Data analysis was carried out in a Matlab program developed by Lidke and colleagues.[51, 53] Traditionally in single molecule localization microscopy, the intensity profile of a single emitter was fitted to a 2D-gaussian profile by nonlinear least-squares (NLLS) regression to find the centroid (x,y) of the emitter and the widths of the Gaussian distribution σx and σy. MLE takes the finite camera pixel size, background fluorescence and camera read out noise into consideration, and provides a better estimate of position. A set of parameters are returned through MLE localization including the object position, the intensity and the background count rate. The Cramér-Rao Lower Bound (CRLB) gives the uncertainty of these fitted parameters. The single molecule candidates were identified by applying an intensity threshold filter. Then 7×7 pixel sub-regions including the identified regions were packaged and input to an iterative routine, based on a graphics processing unit (GPU), which allows for a parallelized processing approach and therefore real-time data analysis. The final super-resolution images were generated by adding bivariate 2-D Gaussian blobs at the location of the position estimates. Emitters identified as the same particle in subsequent frames were combined using a using a weighted average taking into account the localization precision in each frame. The sample chamber was mounted in a three-dimensional piezostage (Nano-LPS; Mad City Labs, Madison, WI) with a resolution along the xyz-axes of 0.2 nm. No significant sample movement was seen over the imaging time frame, as determined by an image overlay of reconstructions over time. To compare phalloidin low resolution images to F-BALM images, an iterative, gradient-based registration algorithm using the Matlab toolkit DIPimage (TU Delft) was used for image registration and overlay based on the final F-BALM image, and a sum projection of the corresponding phalloidin image.
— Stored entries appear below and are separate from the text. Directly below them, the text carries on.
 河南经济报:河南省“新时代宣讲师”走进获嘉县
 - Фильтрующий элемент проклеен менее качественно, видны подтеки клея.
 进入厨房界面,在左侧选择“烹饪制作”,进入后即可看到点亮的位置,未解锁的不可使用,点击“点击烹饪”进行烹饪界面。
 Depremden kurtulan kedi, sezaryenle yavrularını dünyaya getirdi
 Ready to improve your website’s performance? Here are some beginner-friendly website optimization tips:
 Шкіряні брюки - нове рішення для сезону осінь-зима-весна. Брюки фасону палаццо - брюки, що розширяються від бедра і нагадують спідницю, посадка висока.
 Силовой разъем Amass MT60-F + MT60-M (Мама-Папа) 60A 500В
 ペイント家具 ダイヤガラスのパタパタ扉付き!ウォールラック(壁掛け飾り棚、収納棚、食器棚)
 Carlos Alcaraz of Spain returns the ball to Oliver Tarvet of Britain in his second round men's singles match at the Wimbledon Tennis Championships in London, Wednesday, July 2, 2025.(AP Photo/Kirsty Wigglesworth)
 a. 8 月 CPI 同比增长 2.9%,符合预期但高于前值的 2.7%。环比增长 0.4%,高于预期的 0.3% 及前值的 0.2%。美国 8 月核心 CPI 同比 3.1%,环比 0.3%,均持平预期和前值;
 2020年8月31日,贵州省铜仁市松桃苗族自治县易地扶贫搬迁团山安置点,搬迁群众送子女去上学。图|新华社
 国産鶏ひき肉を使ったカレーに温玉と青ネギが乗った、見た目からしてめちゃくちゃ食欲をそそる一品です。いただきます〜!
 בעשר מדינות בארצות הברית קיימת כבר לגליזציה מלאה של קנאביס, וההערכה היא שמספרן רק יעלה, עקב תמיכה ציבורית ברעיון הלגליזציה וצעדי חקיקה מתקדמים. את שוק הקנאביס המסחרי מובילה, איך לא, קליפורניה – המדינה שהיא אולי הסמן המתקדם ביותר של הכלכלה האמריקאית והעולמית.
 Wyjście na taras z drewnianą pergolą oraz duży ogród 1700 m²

This work was supported in part by grants from the National Institutes of Health and National Science Foundation. The authors would like to acknowledge the following grants for support of various aspects of this research: NIH R01GM100114 (DSL); NSF CAREER Award #0954836 (KAL); 1R01GM086237 (MPB); 8U54GM103529 (QY, CSG, DSL, KAL, MPB) and the New Mexico Spatiotemporal Modeling Center (P50GM0852673). SLS was additionally supported by NSMS IGERT fellowship. The authors would like to thank Dr. Heather Ward for useful discussions regarding phalloidin labeling in live cells.